◆ What you have to do ◆
The required copy runs from the first line of the material through the line containing "- Бескаркасные фасады", exactly as written and without pictures.

◆ Supplied data ◆
◆ ◆ ◆ ◆ ◆ ◆ ◆

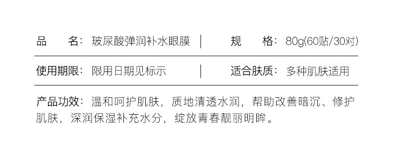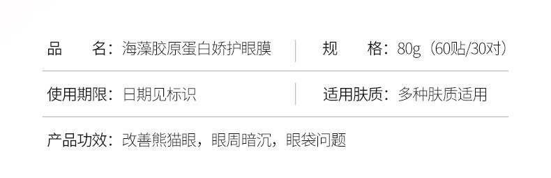 製品仕様 アミノ酸鎮静保湿アイマスク 80g,キャビア弾力保湿アイマスク 80g,海藻コラーゲンアイマスク 80g,Xinya メイクアップ ヒアルロン酸 保湿アイマスク (新品) 80g (60 パッチ/30 組)
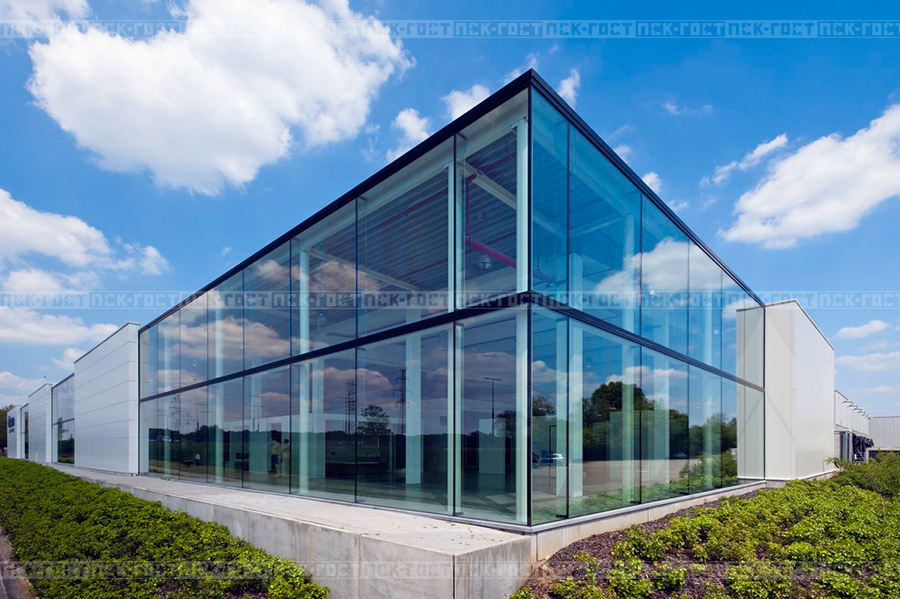 - Бескаркасные фасады — светопрозрачные элементы крепятся при помощи кронштейнов непосредственно к строительным конструкциям здания, что минимизирует количество используемых материалов.
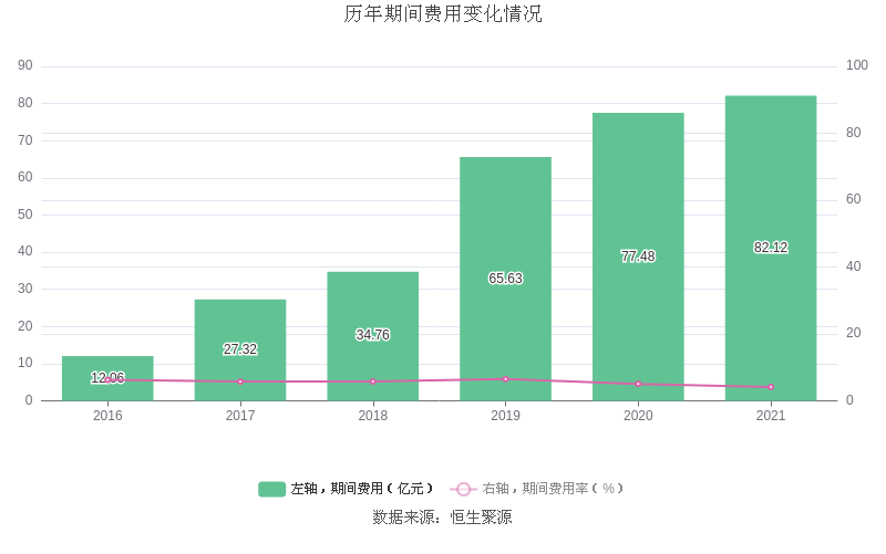 2021年全年,公司期间费用为82.12亿元,较上年增加4.65亿元;但期间费用率为4.15%,较上年下降0.93个百分点。
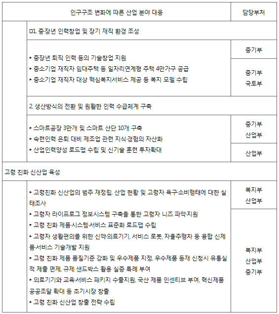¿À´Â 2022³â±îÁö ½º¸¶Æ®°øÀå 3¸¸°³¿Í ½º¸¶Æ® »ê¾÷´ÜÁö 10°³¸¦ ±¸ÃàÇϰí, ½º¸¶Æ® Á¦Á¶Àη 10¸¸¸íÀ» ¾ç¼ºÇϱâ·Î Çß´Ù. ¶Ç ¼÷·Ã ÀηÂÀÇ ÀºÅð¿¡ ´ëºñÇØ À̵éÀÇ Áö½Ä°ú °æÇèÀ» »ê¾÷ ÀÚ»êÈÇÏ´Â ¹æ¾Èµµ ÃßÁøÇÑ´Ù. ÀÌ¿Í ÇÔ²² ÀºÅð ÈÄ¿¡µµ »õ·Î¿î ÀÏ¿¡ µµÀüÇϰí Àû±ØÀûÀ¸·Î ¿îµ¿, ¿©Çà, ¼Òºñ, ¹®È Ȱµ¿À» ÇÏ´Â À̸¥¹Ù ¾×Ƽºê ½Ã´Ï¾î(Active Senior)¸¦ À§ÇÑ °í·É Ä£È »ê¾÷À» À°¼ºÇÑ´Ù´Â °èȹµµ ¹ßÇ¥µÆ´Ù. °í·ÉÀÚÀÇ ¿å±¸¡¤¼Òºñ ÇàÅ µî¿¡ ´ëÇÑ ½ÇÅÂÁ¶»ç¸¦ ÁøÇàÇϰí, À̸¦ ±â¹ÝÀ¸·Î ÇÏ´Â Á¤º¸½Ã½ºÅÛÀ» ±¸ÃàÇØ °í·É Ä£È Á¦Ç°¡¤¼ºñ½º¡¤½Ã½ºÅÛÀÇ Ç¥ÁØÈ ·Îµå¸ÊÀ» ¼ö¸³Çϱâ·Î Çß´Ù. ƯÈ÷ °í·É Ä£È Á¦Ç°ÀÇ Ç°Áú±âÁØÀ» °ÈÇÏ´Â µ¿½Ã¿¡ ¿ì¼ö Á¦Ç°¿¡ ´ëÇØ¼´Â ±ÔÁ¦ »÷µå¹Ú½º¸¦ Àû¿ëÇÑ´Ù´Â ¹æÄ§ÀÌ´Ù. ¶Ç °í·ÉÀÚ »ýȰÆíÀǸ¦ À§ÇÑ ½Å¾à, ÀÇ·á±â±â, ¼ºñ½º·Îº¿, ÀÚÀ²ÁÖÇàÀÚµ¿Â÷ µî À¶ÇÕ Á¦Ç°¡¤¼ºñ½ºÀÇ ±â¼ú°³¹ßÀ» Áö¿øÇÏ°í °ü·Ã ÀηÂÀ» ¾ç¼ºÇÏ´Â ¹æ¾Èµµ À̹ø ´ëÃ¥¿¡ Æ÷ÇԵƴÙ. Á¤ºÎ °ü°èÀÚ´Â "±âȹÀçÁ¤ºÎ, º¸°Çº¹ÁöºÎ, »ê¾÷Åë»óÀÚ¿øºÎ, Áß¼Òº¥Ã³±â¾÷ºÎ, °úÇбâ¼úÁ¤º¸Åë½ÅºÎ, ½ÄǰÀǾàǰ¾ÈÀüó µîÀÌ °øµ¿À¸·Î °í·É Ä£È ½Å»ê¾÷ âÃâ Àü·«À» ¼ö¸³¡¤ÃßÁøÇÒ °Í"À̶ó°í ¸»Çß´Ù.

◆ ◆ ◆ ◆ ◆ ◆ ◆

◆ Written response ◆
 製品仕様 アミノ酸鎮静保湿アイマスク 80g,キャビア弾力保湿アイマスク 80g,海藻コラーゲンアイマスク 80g,Xinya メイクアップ ヒアルロン酸 保湿アイマスク (新品) 80g (60 パッチ/30 組)
 - Бескаркасные фасады — светопрозрачные элементы крепятся при помощи кронштейнов непосредственно к строительным конструкциям здания, что минимизирует количество используемых материалов.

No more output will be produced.